Tag Archive: Quants

QuantLib

I’ve been looking for various tools for Quantitative Analysis in finance. I stumbled upon QuantLib.

It’s an Open Source tool written in C++, but it is written with an open object model such that it is has been ported to work with several other languages.

If you are interested, you can download QuantLib and play with some of their examples.

Blaming Game: Quants or Leverage?

Post-August 2007, everyone seems to be saying that the age of quants and quant-based hedge funds are over and other such dire doomsday predictions. Even the bigwigs lost a good bit of money and people are probably more than a little wary of quant-based hedge funds at the moment.

But here is the question — was it really quantitative trading that did them in or was it the fact that they were leveraged beyond redemption?

Sure, part of the quantitative strategy involved some rather convoluted leveraging, but I think that the important thing to keep in mind is that a lot of the ones that failed were ones that were heavily-leveraged. Similarly, there were a lot of quant-based hedge funds that were not as heavily leveraged that did rather well.

While it may take a while for the landscape to clear out and settle, it is worth considering that quant-based hedge funds may not necessarily be a bad thing. But leveraging, as we’ve seen, can even bring down the greats.

Thoughts?

The Quant Meltdown

The MIT Technology review has an interesting two part write-up on the quant meltdown from this August.

Extremely interesting and a must-read.

Too Many Black Swans

Taleb defines a Black Swan as something that is an extremely rare event. When 9/11 happened, that was a Black Swan — a ten sigma or worse. When LTCM collapsed and the feds had to engineer a bailout, that was a Black Swan.

Now, the way quant hedge funds have operated is that when things went wrong for one firm, the odds were that its effected would be diluted by better performance from others. Usually, the odds of a lot of firms being affected by the same problem are rather low and consequently, their effects on the economy would be limited as well.

HFN asks an interesting question in this regard — what are the chances of several hedge funds blowing up in this regard?

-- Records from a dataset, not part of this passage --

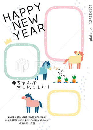 年賀2026 年賀状2026 馬 午 土鈴 親子 ファミリー 干支 かわいい デザイン イラスト素材
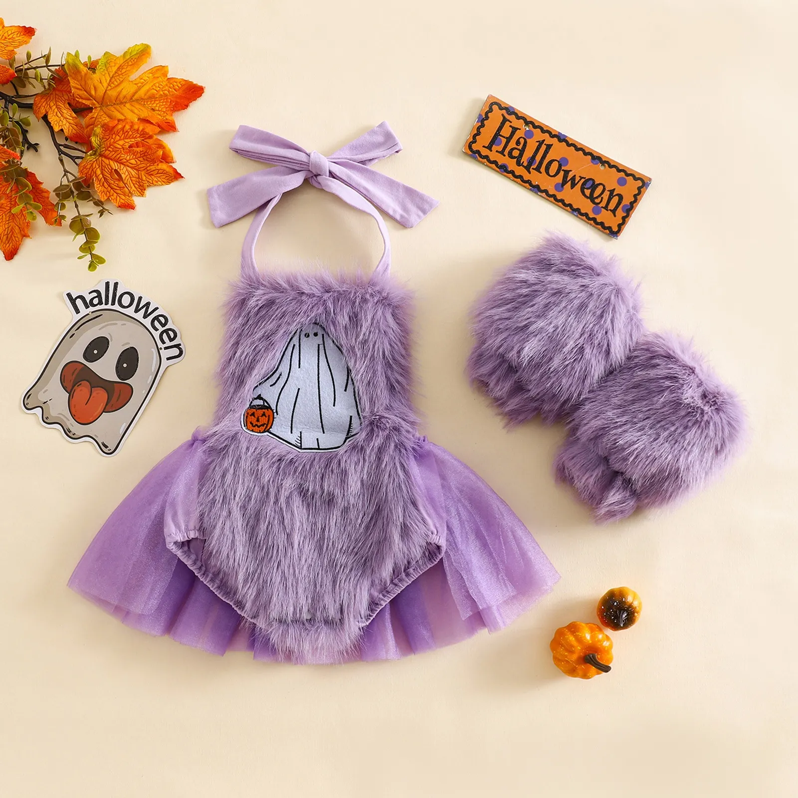 Halloween Children's Clothing Plush Girls' Cute Crawling Suit Two-piece Set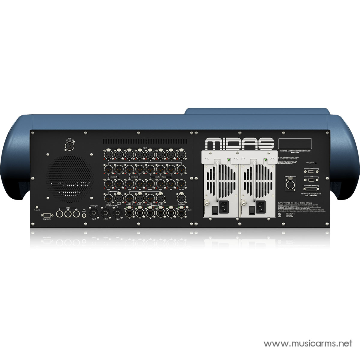 - อินพุตและเอาต์พุตเสียงดิจิทัล: AES3 Inputs, AES3 Outputs, AES50 Audio, Ethernet Control Data, Word Clock Input, Word Clock Output, Video Sync Input, AES3 Sync Input, AES3 Sync Output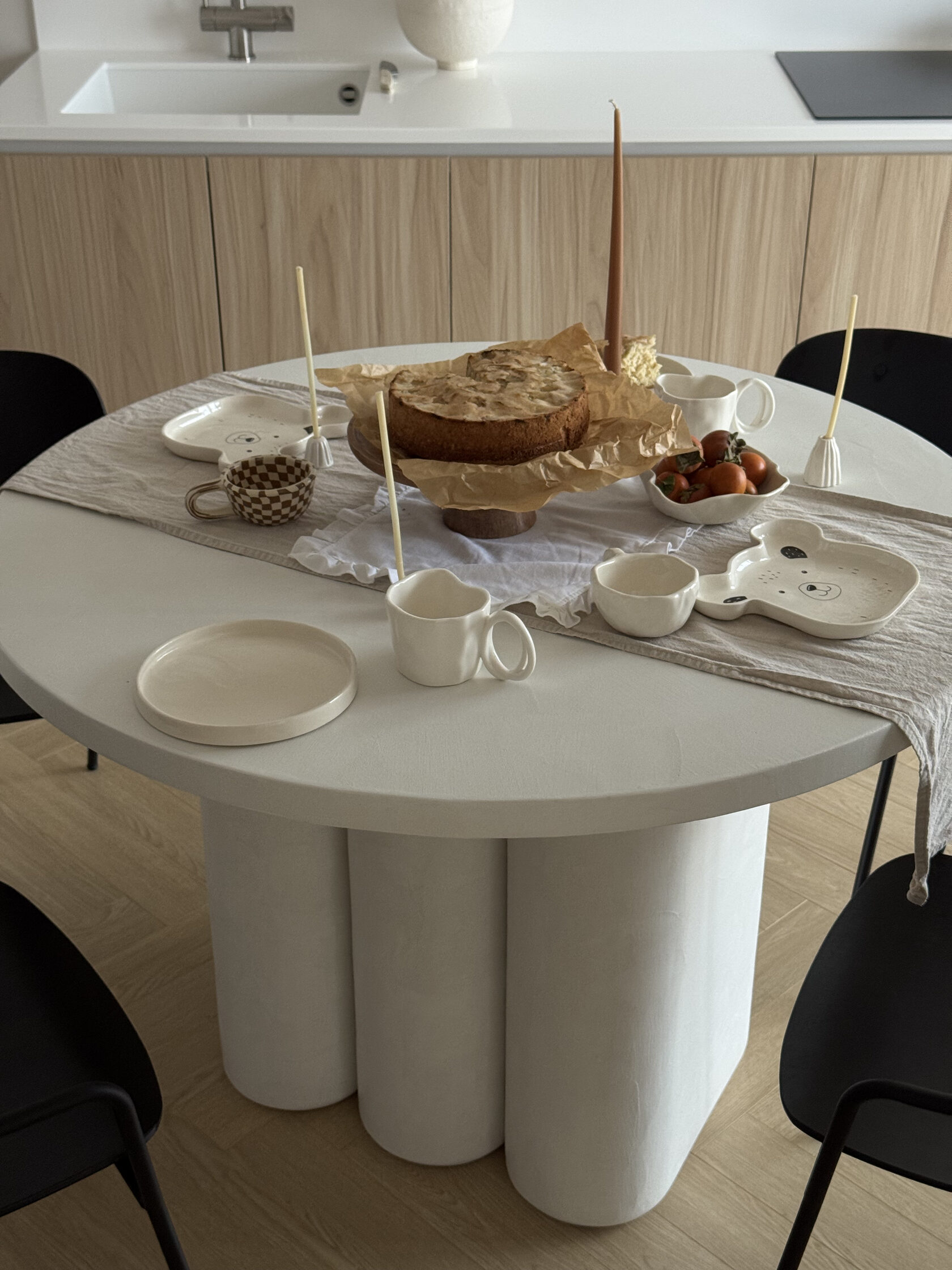 Комбинация бионических форм и бархатного узора микроцемента в столе Baz. По своей структуре данное покрытие напоминает камень и объединяет идеально выверенные ровные линии с природной небрежностью, свойственной камню.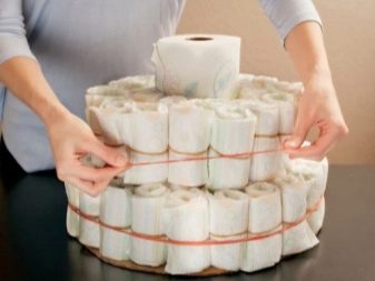 When these steps are behind, you can safely proceed to the assembly of the cake. To do this, each diaper is folded with a small roller and fixed with threads, after which the tube is glued to the base in the middle. Already to it in a circle gradually attach the diaper rollers so that they fill the entire base in several circles.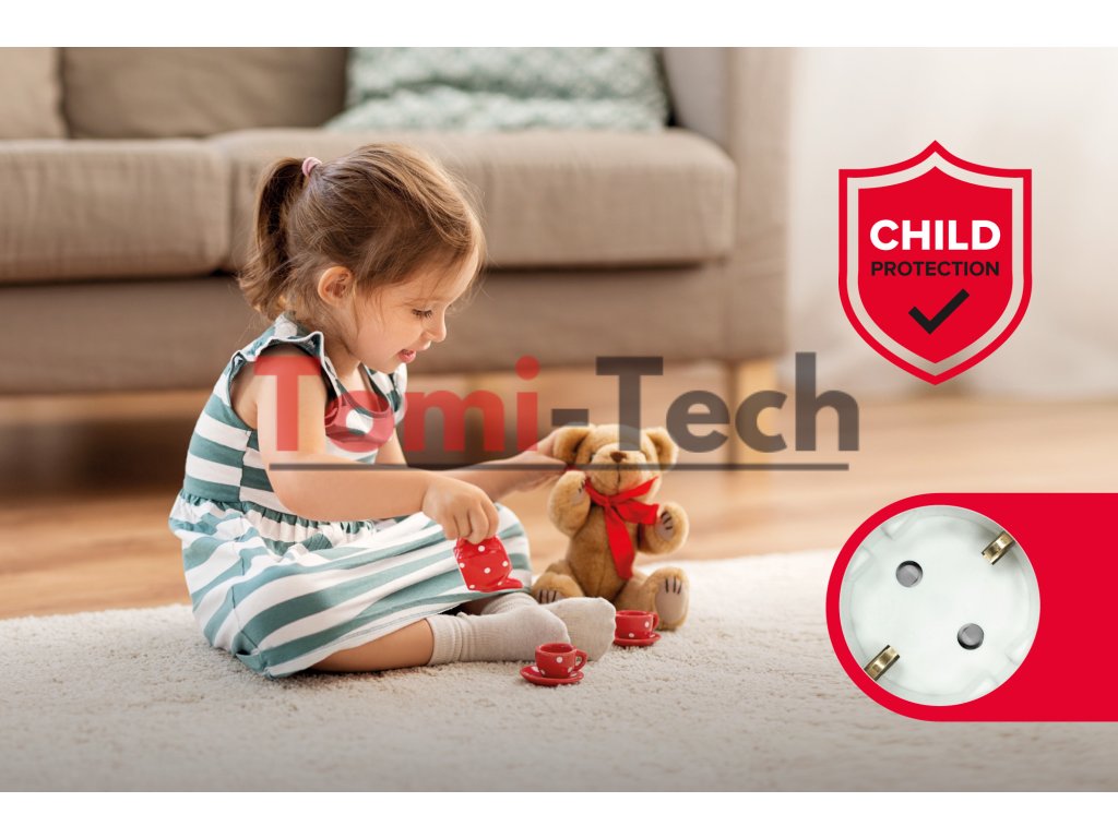 Predlžovací kábel Rebel je vybavený zabudovanými ochrannými krytmi kontaktov v zásuvkách. To účinne chráni zdravie a život detí a zabraňuje ich vkladaniu prstov alebo iných predmetov.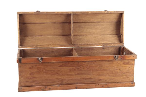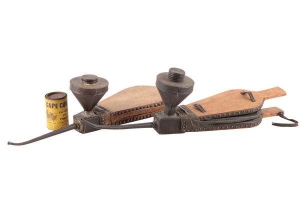 32cm high x 84cm long; together with two sets of metal and leather bellows, the largest 66cm long; and a tin of 'Cape Cure' for Game and Poultry with safe effective remedy, in its original packaging (4)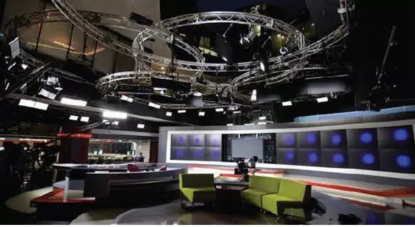 上海广播电视台东方卫视开放式演播室就是一个很好的例子,演播室如图4所示。该演播室在2011年改造期间引入众多的新元素,包括DLP大屏及PDP屏作为出镜背景。考虑到这些新型高色温光源设备的加入,灯光设计师最终选择高色温光源对演播室进行布光。在这次改造中,所有光源均采用高色温LED光源,使用LED平板柔光灯作为基础面光,LED聚光灯作为逆光以及侧光。通过改造,极大提升了整体荧屏视觉形象。同时,东方卫视作为高清频道已经迈入了高清化时代,其演播室改造成功无疑也为高色温光源在高清电视中应用树立了一个成功的典型。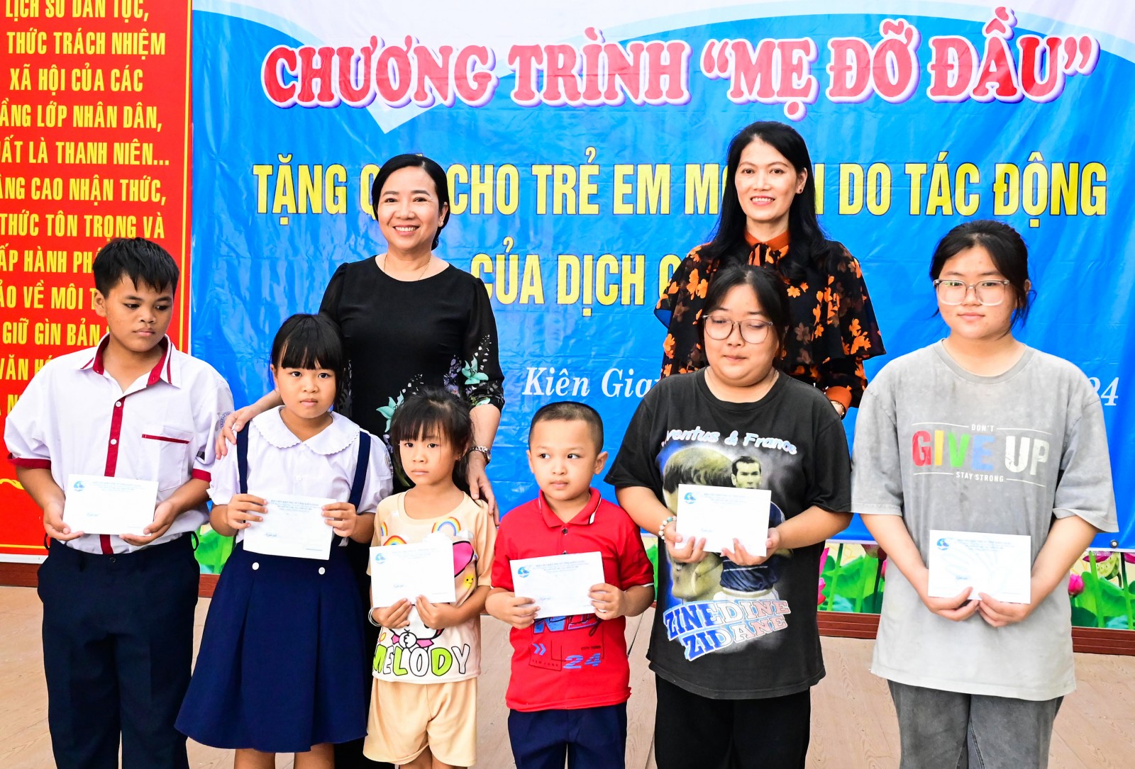 Bà Nguyễn Thị Quyến (hàng sau, bên phải) - Phó Chủ tịch Thường trực Hội Liên hiệp Phụ nữ tỉnh trao quà cho trẻ mồ côi trên địa bàn xã Hòn Đất. Ảnh: THỦY TIÊN
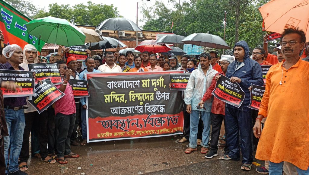 পুরুলিয়া : বাংলাদেশের সংখ্যালঘু হিন্দুদের মূর্তি , মন্ডপ ভাঙ্গার প্রতিবাদ ও সেখানকার সংখ্যালঘুদের উপরে মৌলবাদীদের বর্বর অত্যাচারের বিরুদ্ধে পুরুলিয়া জেলা বিজেপির পক্ষ থেকে রঘুনাথপুর মহকুমা আদালত মোড়ের কাছে বিক্ষোভ প্রদর্শন করলেন বিজেপি নেতা ও কর্মীরা। সোমবার বৃষ্টিকে উপেক্ষা করে এই কর্মসূচিতে শামিল হন রঘুনাথপুরের বিজেপি বিধায়ক বিবেকানন্দ বাউরী, কাশীপুরের বিজেপি বিধায়ক কমলাকান্ত হাঁসদা, পাড়া বিধানসভার বিজেপি বিধায়ক নদীয়ার চাঁদ বাউরী সহ জেলার ২ সম্পাদক ও বিজেপি নেতা ও কর্মীরা।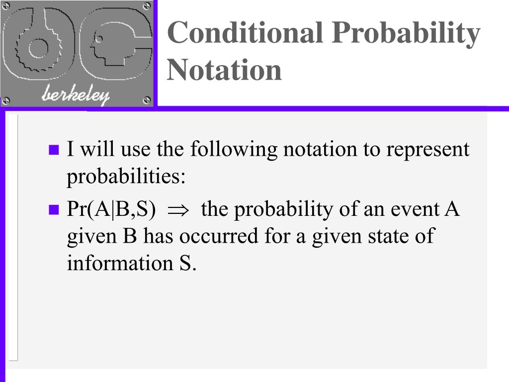 Conditional Probability Notation • I will use the following notation to represent probabilities: • Pr(A|B,S) Þ the probability of an event A given B has occurred for a given state of information S.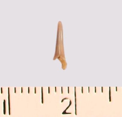Зуб (фрагмент). Акула. Odontaspis subulata (Agassiz, 1843). Классификация: Хордовые Chordata, Позвоночные Vertebrata, Хрящевые рыбы Chondrichthyes, Пластиножаберные Elasmobranchii, Акулы Selachii, Ламнообразные Lamniformes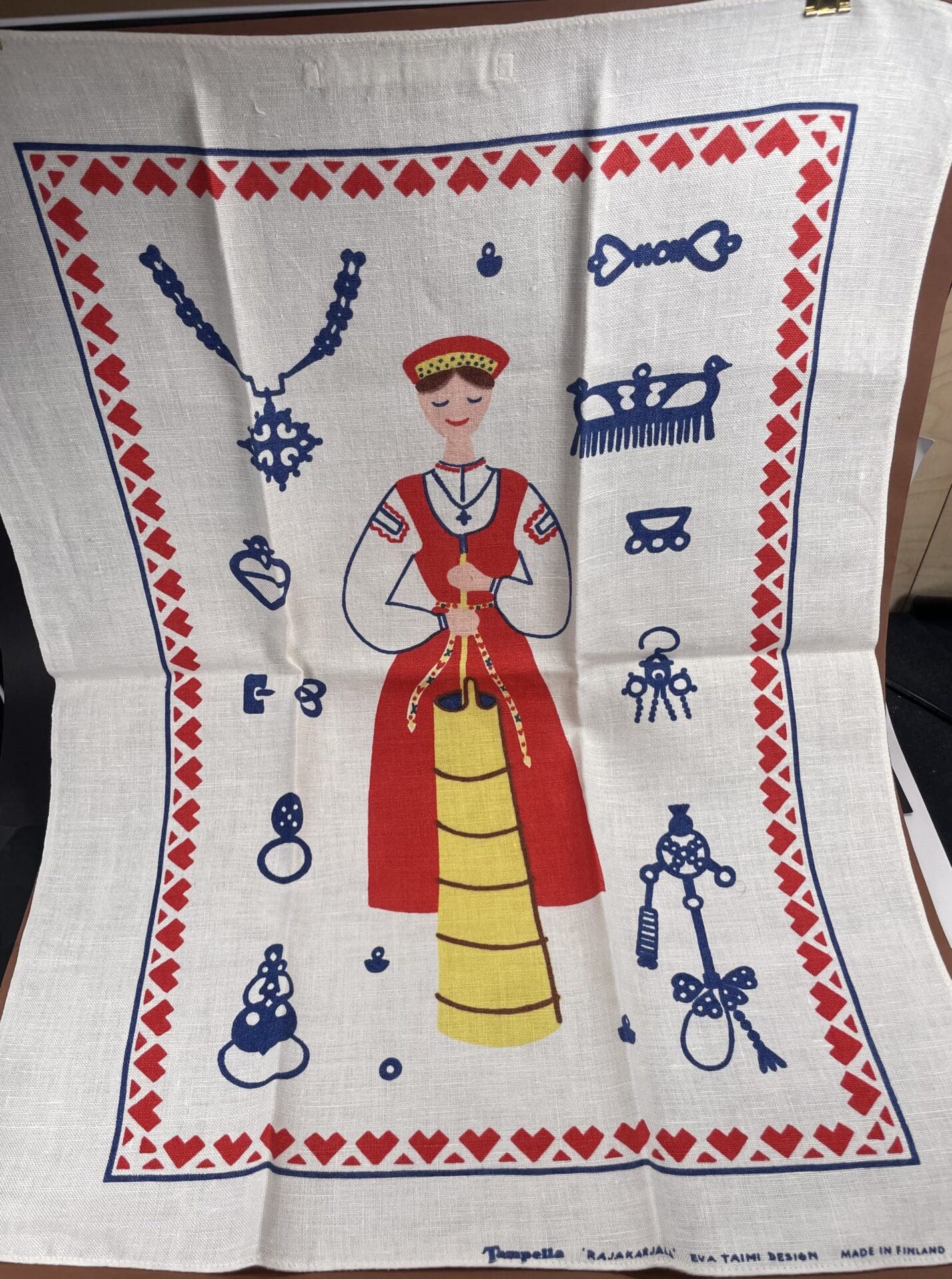 Tampella Tea Towel RAJAKARJALA Eva Taimi. Good condition. Linen. 1960’s.

Fooled by Progressive Betting

Is it me or does it seem like there is something to be said about Taleb’s rants against the traditional practices of Wall Street traders and progressive betting in Blackjack?

The fact that progressions cannot overcome expectation is also rather interesting, given the way some institutions work.

Fat Tails & Skinny Returns

While normal distributions are nice and wonderful, they aren’t really feasible in the world of finance. This is because the market can be so volatile and fickle that variances become meaningless.

So, enter fat-tailed distributions. These are distributions where events deviate significantly from the mean in comparison to normal distributions. What this means in terms of the stock market is that assets and investments are prone to jumps (in either directions).

Fat tailed distributions

On this topic, Paul Kedrosky links to an interesting presentation on Fat Tailed distributions by Northfield, the guys that make analytical and investment software.

It’s quite interesting and talks about some work that’s being done in this area.

On a related note, another area of application for Fat tailed distributions is the CRM arena. Contact-centers and self-service applications (i.e. IVRs) receive millions of calls a day, and there is just as much variation in C-sats, agent performance, AHT and so on.

It would be interesting to apply some of these tools and techniques to call-center analytics and see how well those work.